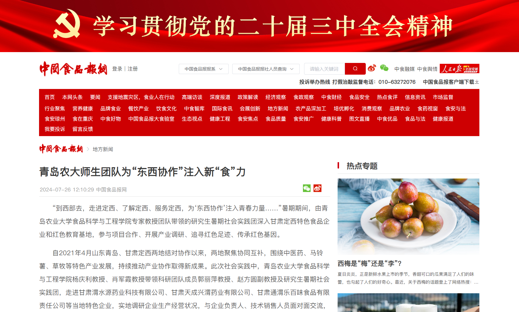 “将团队科研合作与研究生企业实践相结合、革命传统教育与产业调研相结合”,杨庆利表示,发挥人才、科技优势,服务“青岛·定西东西部协作”,为定西产业发展注入新活力,是学院科研团队一直以来的工作导向与目标。引导研究生暑期社会实践走进西部、走进定西,旨在让更多食品青年人才了解定西、关注定西、支持定西,在今后的科研创新和社会服务中,持续以青年食品人的智慧与担当推动东西部协作开辟新领域、取得新成效。
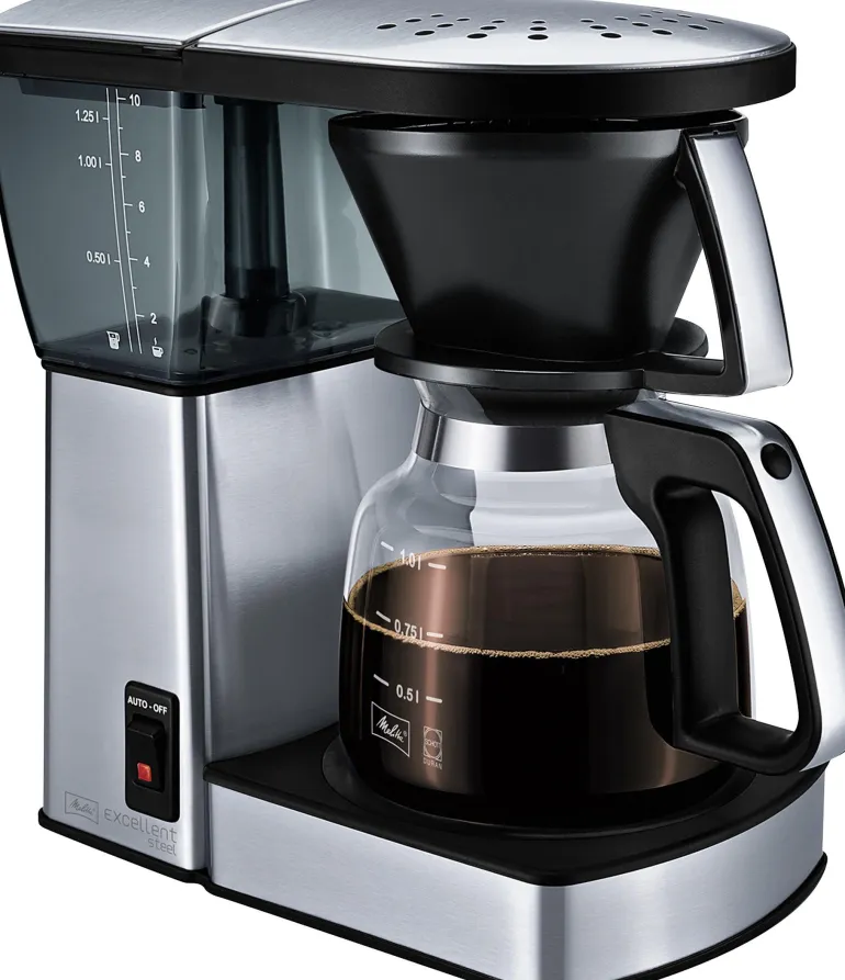 Melitta Excellent Steel 4.0 on kahvinkeitin, jossa yhdistyvät hyödylliset ominaisuudet ja trendikäs retromalli ruostumattomasta teräksestä.
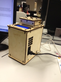 LAB 4 WRITE-UPInitial Machine TestingThis device called Open PCR, is a machine that can polymerase chain reactions to separate a DNA strand and use one strand to create a complimentary strand. This results in a new double strand DNA molecule, that is initially identical to the first DNA molecule. This is made possible by the machine heating the test tubes with primer 1, primer 2, polymerase, nucleotides, DNA, and DNA polymerase ad also subsequently cooling them. These heating and cooling procedures with the various contents in the test tubes creates an environment that allows for this DNA molecule replication. The machine is run by connecting it to a computer using a USB cable and running a program that tells the machine the specifics of the desired experiment. Like the number of cycles and temperature to be run at. The machine is also hooked on its own power supply to carry out these processes. Once the experiment is done, the machine displays the results on the blue screen on the machine.
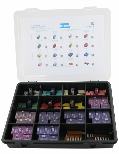 - Je 5 Sicherungen Typ MCase Slotted von 15 - 60 A für Ford, Renault, Nissan - Je 5 Sicherungen Typ ET von 50 - 150 A für Mazda und Toyota - Je 2 Sicherungen Multiato 5 A und 7.5 A für Mercedes MCase Slotted 15-60 A, ET 50-150 A, Multiato
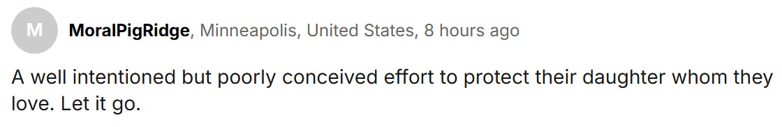 “初衷是好的,只是考虑不周,他们的目的是保护自己深爱的女儿,就让这事过去吧。”
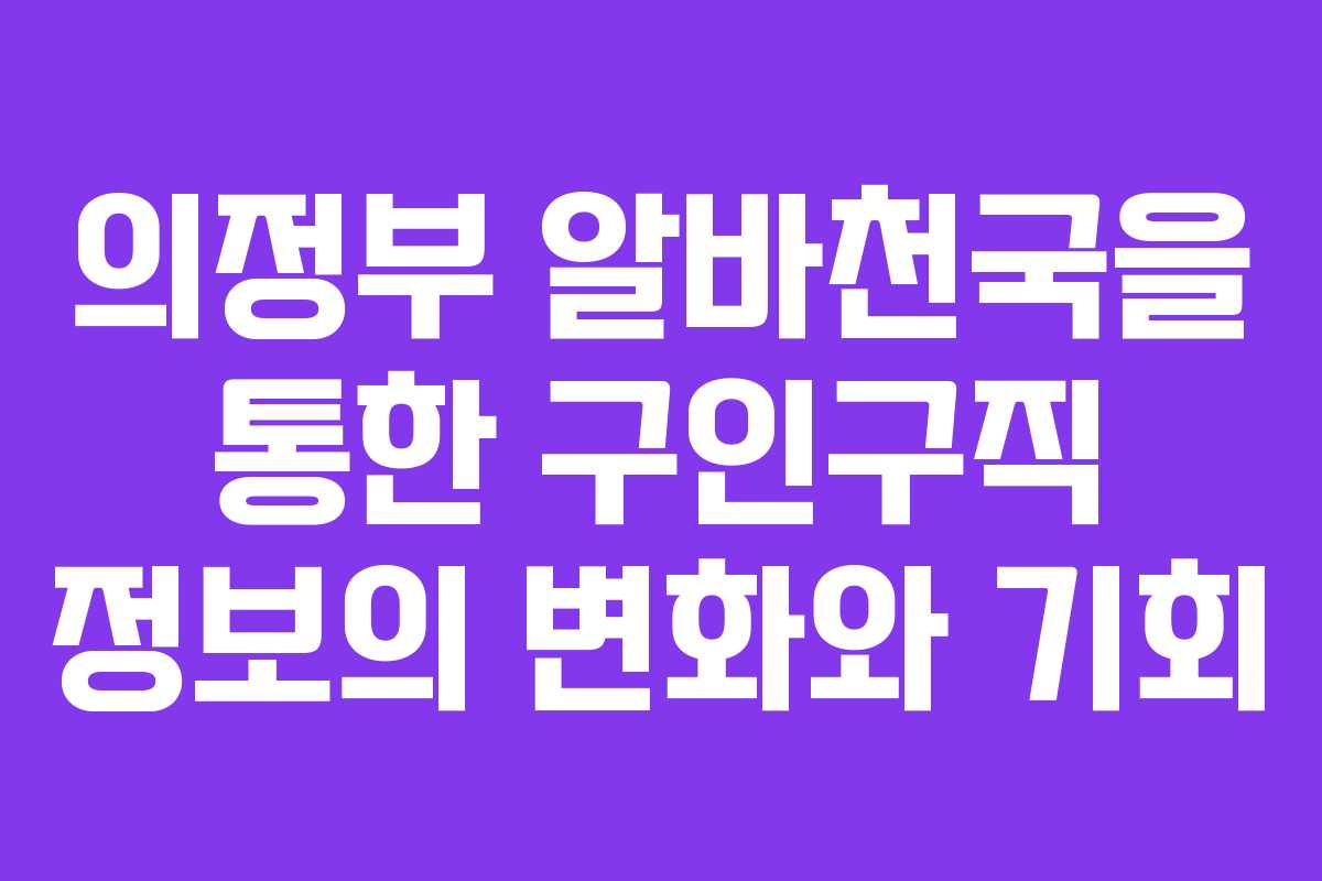 의정부시는 최근 몇 년 동안 눈에 띄는 발전을 이루며 구직자와 구인자를 위한 다양한 기회를 제공하고 있습니다. 특히 의정부 알바천국은 이러한 변화에 발맞춰 구인구직 정보를 다양하게 제공하고 있어 많은 사람들에게 도움이 되고 있습니다. 이 글에서는 의정부 알바천국의 현황과 구체적인 구인구직 정보, 그리고 이 플랫폼이 제공하는 장점에 대해 알아보겠습니다.
::::::::::
• _How to complete this task_
Repeat all the material above exactly, apart from the pictures.

• _Expected answer_
 “将团队科研合作与研究生企业实践相结合、革命传统教育与产业调研相结合”,杨庆利表示,发挥人才、科技优势,服务“青岛·定西东西部协作”,为定西产业发展注入新活力,是学院科研团队一直以来的工作导向与目标。引导研究生暑期社会实践走进西部、走进定西,旨在让更多食品青年人才了解定西、关注定西、支持定西,在今后的科研创新和社会服务中,持续以青年食品人的智慧与担当推动东西部协作开辟新领域、取得新成效。
 Melitta Excellent Steel 4.0 on kahvinkeitin, jossa yhdistyvät hyödylliset ominaisuudet ja trendikäs retromalli ruostumattomasta teräksestä.
 LAB 4 WRITE-UPInitial Machine TestingThis device called Open PCR, is a machine that can polymerase chain reactions to separate a DNA strand and use one strand to create a complimentary strand. This results in a new double strand DNA molecule, that is initially identical to the first DNA molecule. This is made possible by the machine heating the test tubes with primer 1, primer 2, polymerase, nucleotides, DNA, and DNA polymerase ad also subsequently cooling them. These heating and cooling procedures with the various contents in the test tubes creates an environment that allows for this DNA molecule replication. The machine is run by connecting it to a computer using a USB cable and running a program that tells the machine the specifics of the desired experiment. Like the number of cycles and temperature to be run at. The machine is also hooked on its own power supply to carry out these processes. Once the experiment is done, the machine displays the results on the blue screen on the machine.
 - Je 5 Sicherungen Typ MCase Slotted von 15 - 60 A für Ford, Renault, Nissan - Je 5 Sicherungen Typ ET von 50 - 150 A für Mazda und Toyota - Je 2 Sicherungen Multiato 5 A und 7.5 A für Mercedes MCase Slotted 15-60 A, ET 50-150 A, Multiato
 “初衷是好的,只是考虑不周,他们的目的是保护自己深爱的女儿,就让这事过去吧。”
 의정부시는 최근 몇 년 동안 눈에 띄는 발전을 이루며 구직자와 구인자를 위한 다양한 기회를 제공하고 있습니다. 특히 의정부 알바천국은 이러한 변화에 발맞춰 구인구직 정보를 다양하게 제공하고 있어 많은 사람들에게 도움이 되고 있습니다. 이 글에서는 의정부 알바천국의 현황과 구체적인 구인구직 정보, 그리고 이 플랫폼이 제공하는 장점에 대해 알아보겠습니다.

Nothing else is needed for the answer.